A group of community residents on 125th Street in Richmond Hill are fighting to prevent construction of a nearby three-story commercial and residential complex that they contend would increase crowding and strain city services in the area.
James Lawson, spokesman for 40 out of the 46 houses on the block that belong to longtime residents and immigrant families, said the proposal to build 35,056 square feet of space at Garner Plaza at 124-20 Jamaica Ave. would change the essential character of the neighborhood.
"Most of the houses on our block are two-family homes," said Lawson, who was born in Woodhaven. "We don't feel it's going to represent our neighborhood or our community in a positive way."
Mary Ann Carey, district manager of Community Board 9, said the board approved a recommendation to allow a zoning variance to build the complex, which will include six one-bedrooms, 18 two-bedrooms and three three-bedroom apartments.
Borough President Helen Marshall presided over a public hearing on the project and will decide in the upcoming weeks on whether she approves of the request to allow a change in zoning.
There will also be 4,000 square feet of commercial space, Carey said.
Lawson said he and his neighbors are opposed to this project specifically because the developer, Poko Partners, wants to build rental units.
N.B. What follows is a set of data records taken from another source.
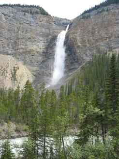 Heute wäre Reiten angesagt, bei diesem grauen Himmel macht uns das aber nicht an. Unsere Fahrt geht zurück nach „Lake Louise“. Unterwegs fahren wir auf eine Autokolonne zu, irgendetwas muss es da zu sehen geben. Drei kleine Bären spazieren durchs Unterholz der Strasse entlang. Nach ein paar kurzen Blicken fahren wir weiter, mit sehr wenig Verständnis für diejenigen die aussteigen müssen. Zum Glück fahren soeben die Parkranger auf den Platz. In „Lake Louise“ decken wir uns mit Infomaterial ein und weiter geht’s Richtung „Kicking Horse Pass“. Ein Stopp um die „Spiral Tunnels“ zu bestaunen. Nun sind wir im „Yoho National Park“. Im „Yoho Valley“ schauen wir uns die 384 m hohen „Takakaw Falls“ an. Weiter über „Field“ zum „Emerald Lake“. Die schöne Farbe und die Ruhe des Sees inspirieren uns zum Kanu fahren. Fast eine Stunde paddeln wir umher. Unser Tagesziel heute ist „Golden“, wir holen und erneut und suchen den angegebenen Campingplatz. Wir finden ihn dann auch, abgelegen, gemütlich, am Arsch der Welt. Wir sind müde und nach dem Wäsche waschen hauen wir uns zwei Stunden aufs Ohr. Wir machen uns dann noch Znacht und gehen bald schlafen… |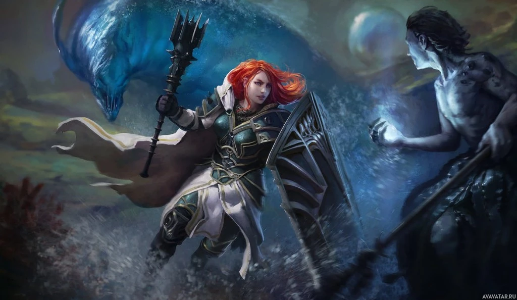The image features a female warrior with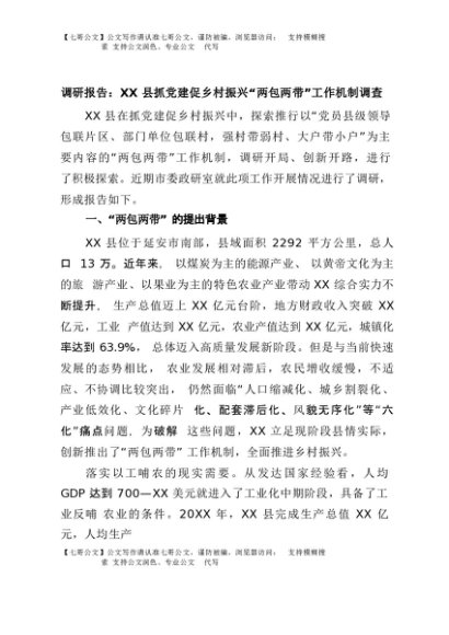 【七哥公文】2025年:调研报告:XX县抓党建促乡村振兴“两包两带”工作机制调查+更多免费公文+VX:QiGeGongWen2024

He said his community has improved during the past few years because residents have bought and then invested in their properties.
"We're not opposed to new construction, but there's a sense of ownership if you are not renting," he said.
Lawson said new apartment units would overcrowd the neighborhood, which already has two apartment towers nearby on 126th Street. He said residents on 125th Street are afraid of a decrease in property values and insufficient parking because of the proposed residential units.
But Carey said the 27 apartment units Poko Partners wants to erect will improve Jamaica Avenue because they will be coupled with commercial space. She said the Garner complex, which would replace a dilapidated lumberyard, would reduce noise by eliminating the need for wood delivery trucks and have no effect on parking because private spaces would be made underground for at least 60 percent of future residents.
"It's a very positive development for the community and it will certainly improve that corner 100 percent," Carey said. She said the developers are hoping to secure federal and state funding to build affordable housing units.
Kenneth M. Olsen, president of Poko Partners, headquartered in Port Jefferson, L.I., said the form of the development will take shape once he finds out during the summer if federal and state funding has been approved. He said his firm mainly builds rental units and plans to start building Garner Plaza three or four months after the decision on public financing.
The public assistance funding would allow Olsen to build the units with federal and state assistance. He said he hopes to attract local Richmond Hill residents with incomes ranging from $23,000 to $38,000 a year.